## AIM OF THE TASK
From the very first line of the records through the line that contains "Description | Modelo", repeat everything exactly except the pictures, and add nothing.

[[ MATERIAL PROVIDED, beginning ]]

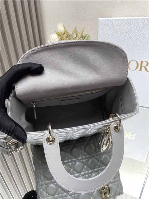 The Lady Dior bag epitomizes the House””s vision of elegance and beauty. Sleek and refined, the timeless creation is crafted in melocoton Grey pearlescent lambskin with Cannage stitching, creating the instantly recognizable quilted texture. The pale gold-finish metal D.I.O.R. charms offer elegant appeal. Featuring a thin, removable leather shoulder strap, the medium Lady Dior bag can be carried by hand or worn crossbody.
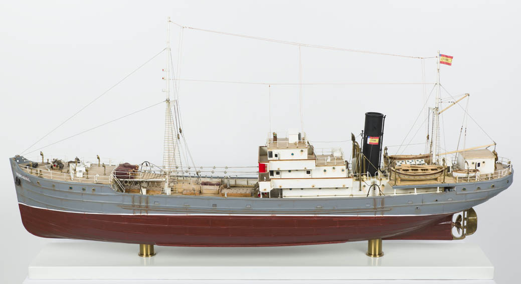 | Description | Modelo a escala del bacaladero "Vendaval" que fue construido en los astilleros Hall, Russell & Co., Ltd. en Aberdeen (Escocia). Fue botado el 27 de diciembre de 1927 por encargo de la empresa de Pasajes PYSBE. Fue especialmente diseñado y equipado para trabajar en los Grandes Bancos de Terranova (Canadá) en la pesca de bacalao. Durante la Guerra Civil española fue confiscado por el Gobierno Vasco que lo artilló con cañones de 102mm y ametralladoras y recibió el nombre de "Nabarra", pasando a escoltar buques mercantes en las costas vascas. Paso a la Historia por participar en la batalla de Machichaco enfrentándose al crucero "Canarias". |
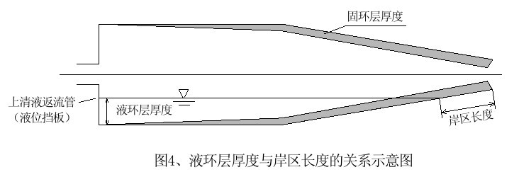 當進泥量一定時,如果液環層厚度較大,污泥在離心機內的停留時間長,污泥在液環層內進行分離的時間越長,會有更多的污泥被分離出來,并能夠降低某些小顆粒受擾動而隨分離液流失的可能性,但液環層厚度過大,會造成水隨脫水后的污泥從污泥出口溢出;如果離心機內的液環層厚度較小,污泥在離心機內的停留時間短,工作壓力不容易提高,但脫水后的污泥含水率也較低。綜合以上兩方面的作用,液環層增厚一般會提高脫水的固體回收率,但液環層增厚,相應會使岸區縮短,如上圖所示,使脫離液環層的污泥沒有充足的時間被甩干,因此泥餅含固率將下降。在控制液環層厚度時間應
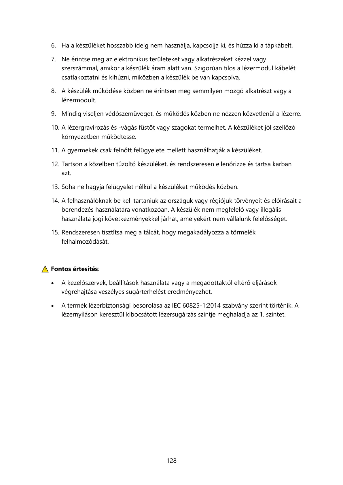 • A termék lézerbiztonsági besorolása az IEC 60825-1:2014 szabvány szerint történik. A
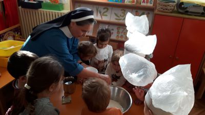 Tijekom blagoslova djeca su pjevala prigodne pjesme: Kruh ljubavi, Hvaljen budi Gospodine moj… Pripremljene slastice zajedno su blagovali u prostorijama vrtića, a ostatak su u košaricama nosili svojim domovima da bi ih podijelili sa članovima obitelji.
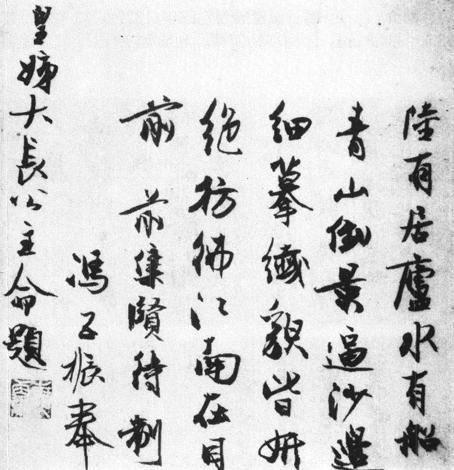 【简介】: 元·冯子振行书。 纸本。凡七行。 每行字数不一。 共四十五字。28×49.3cm。此幅《石渠宝笈》著录、今载《故宫书画录》卷三。 台北故宫博物院藏。刊于台湾《故宫历代法书全集》(十六)。  。【赏析】: 子振史称其“不以书名”,观此作知其于书艺造诣很深,亦爲元代书坛名手。 作者奉皇姊之命于画中题诗,受束甚严,非同平日信札一类自由自在,但写得极爲生动。笔势凌厉、峻迈,意蕴超脱。落笔简捷爽快,行笔疾速,点书间往来有序,顾盼有情。结字于谨严中求变化,因势调整疏密、大小、轻重、俯仰之变,但仍保持上疏下密的结字主调。 如“靑”、“摹”、“皆”、“南”、“奉”、“公”、“命”等字,别具风範。寥寥数行的章法,也处理得弛张有节,使作品挺拔、峭劲,多姿多采,有宋人米芾、山谷遗意。 若干字的鈎、挑及转折之处露出的生硬之笔,是作者尙不能如意地运用硬毫笔所致,爲其小疵。 |
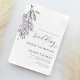 Anuncie su día especial con esta elegante invitación de espliego de bodas con acentos florales de lila acuarela y un guión elegante de caligrafía. El diseño de la tipografía de brochas añade un toque moderno al estilo clásico formal, mientras que las delicadas glicinias floridas del jardín aportan un ambiente sencillo y suave. Perfecto para bodas de primavera, verano o otoño, este diseño presenta un paisaje de vegetación botánica de un estilo elegante y sofisticado. Fijar el tono para una celebración eterna con esta encantadora invitación!
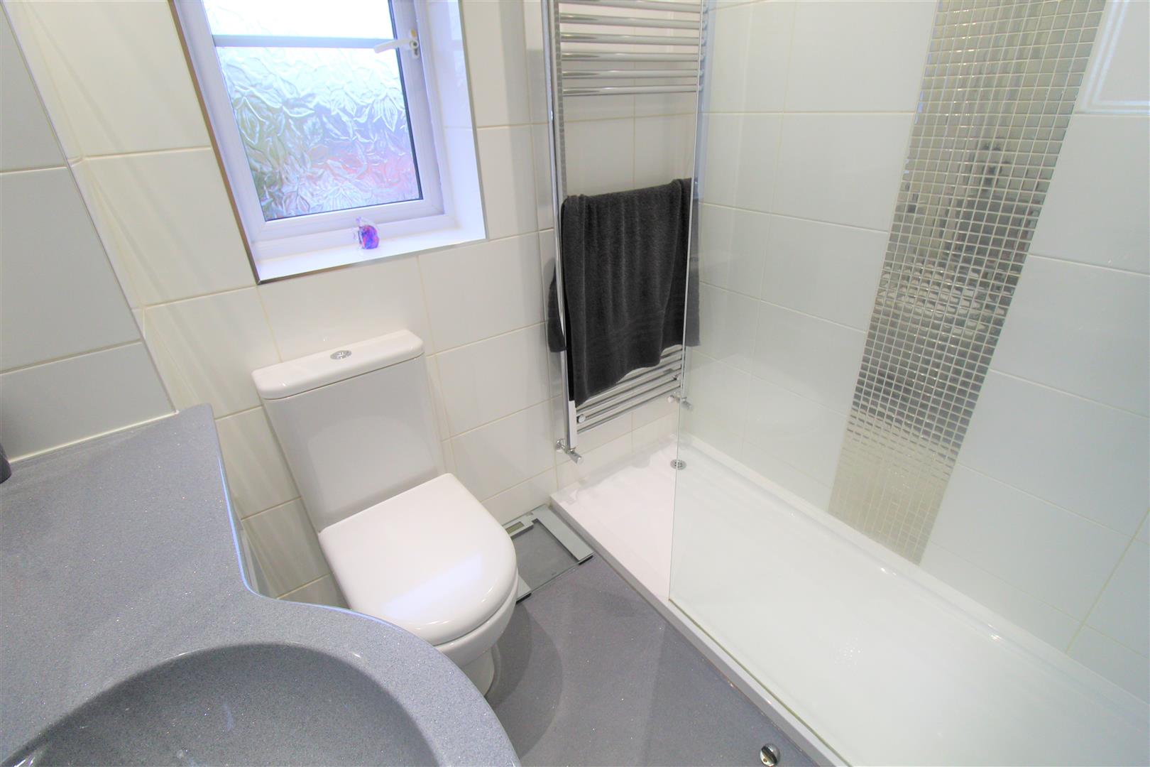 A double glazed window overlooks the rear aspect. Fitted with a double shower unit with waterfall shower head, low level W.C and vanity hand wash basin. Fully tiled walls, extractor fan. Ladder style towel radiator. Ceiling spotlights.
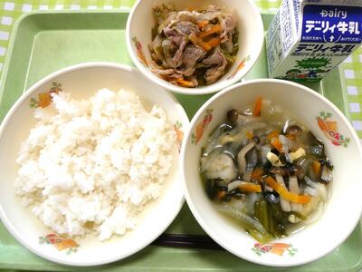 今日の給食のメニューは、白ごはん、牛乳、つみれ団子汁、豚肉の梅しょうが焼きでした。
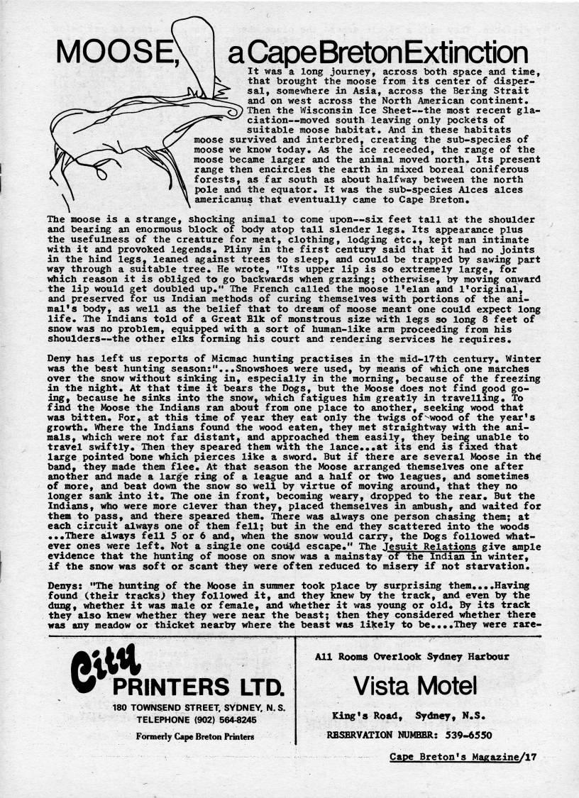 Published by Ronald Caplan on 1975/3/31 (4714 reads)MOOSEX a Cape Breton Extinction It was a long journey, across both space and time, that brought the moose from its center of disper? sal, somewhere in Asia, across the Bering Strait and on west across the North American continent. Then the Wisconsin Ice Sheet • the roost recent gla- ciation • moved south leaving only pockets of suitable moose habitat. And in these habitats moose survived and interbred, creating the sub-species of moose we know today. As the ice receeded, the range of the moose became larger and the animal moved north. Its present range then encircles the earth in mixed boreal coniferous forests, as far south as about halfway between the north pole and the equator. It was the sub-species Alces alces americanus that eventually came to Cape Breton. The moose is a strange, shocking animal to come upon • six feet tall at the shoulder and bearing an enormous block of body atop tall slender legs. Its appearance plus the usefulness of the creature for meat, clothing, lodging etc., kept man intimate with it and provoked legends. Pliny in the first century said that it had no joints in the hind legs, leaned against trees to sleep, and could be trapped by sawing part way through a suitable tree. He wrote, "Its upper lip is so extremely large, for which reason it is obliged to go backwards when grazing; otherwise, by moving onward the lip would get doubled up." The French called the moose l'elan and l??originai, and preserved for us Indian methods of curing themselves with portions of the ani? mal's body, as well as the belief that to dream of moose meant one could expect long life. The Indians told of a Great Elk of monstrous size with legs so long 8 feet of snow was no problem, equipped with a sort of human-like arm proceeding from his shoulders • the other elks forming his court and rendering services he requires. Deny has left us reports of Micmac hunting practises in the mid-17th century. Winter was the best hunting season:"...Snowshoes were used, by means of flfeich one marches over the snow without sinking in, especially in the morning, because of the freezing in the night. At that time it bears the Dogs, but the Moose does not find good go? ing, because he sinks into the snow, which fatigues him greatly in travelling. To find the Moose the Indians ran about from one place to another, seeking wood that was bitten. For, at this time of year they eat only the twigs of''wood of the year's growth. Where the Indians found the wood eaten, they met straightway with the ani? mals, which were not far distant, and approached them easily, they being unable to travel swiftly. Then they speared them with the lance...at its end is fixed that large pointed bone which pierces like a sword. But if there are several Moose in th' band, they made them flee. At that season the Moose arranged themselves one after another and made a large ring of a league and a half or two leagues, and sometimes of more, and beat down the snow so well by virtue of moving around, that they no longer sank into it. The one in front, becoming weary, dropped to the rear. But the Indians, who were more clever than they, placed themselves in ambush' and waited for them to pass, and there speared them. There was always one person chasing them; at each circuit always one of them fell; but in the end they scattered into the woods ...There always fell 5 or 6 and, when the snow would carry, the Dogs followed what? ever ones were left. Not a single one coty.d escape." The Jesuit Relations give ample evidence that the hunting of moose on snow was a mainstay of the Indian in winter, if the snow was soft or scant they were often reduced to misery if not starvation. Denys: "The hunting of the Moose in summer took place by surprising them....Having found (their tracks) they followed it, and they knew by the track, and even by the dung, whether it was male or female, and vdiether it was young or old. By its track they also knew whether they were near the beast; then they considered whether there was any meadow or thicket nearby where the beast was likely to be....They were rare- &&. PRINTERS LTD. 180 TOWNSEND STREET, SYDNEY, N. S. TELEPHONE (902) 564'245 Formerly Cape Breton Printers All Rooms Overlook Sydney Harbour Vista Motel King's Road, Sydney, N.S. RESERVATION NUMBER: 539-6550 Cape Breton's Magazine/17

[[ MATERIAL PROVIDED, end ]]

## ANSWER FOR THIS EXERCISE
 The Lady Dior bag epitomizes the House””s vision of elegance and beauty. Sleek and refined, the timeless creation is crafted in melocoton Grey pearlescent lambskin with Cannage stitching, creating the instantly recognizable quilted texture. The pale gold-finish metal D.I.O.R. charms offer elegant appeal. Featuring a thin, removable leather shoulder strap, the medium Lady Dior bag can be carried by hand or worn crossbody.
 | Description | Modelo a escala del bacaladero "Vendaval" que fue construido en los astilleros Hall, Russell & Co., Ltd. en Aberdeen (Escocia). Fue botado el 27 de diciembre de 1927 por encargo de la empresa de Pasajes PYSBE. Fue especialmente diseñado y equipado para trabajar en los Grandes Bancos de Terranova (Canadá) en la pesca de bacalao. Durante la Guerra Civil española fue confiscado por el Gobierno Vasco que lo artilló con cañones de 102mm y ametralladoras y recibió el nombre de "Nabarra", pasando a escoltar buques mercantes en las costas vascas. Paso a la Historia por participar en la batalla de Machichaco enfrentándose al crucero "Canarias". |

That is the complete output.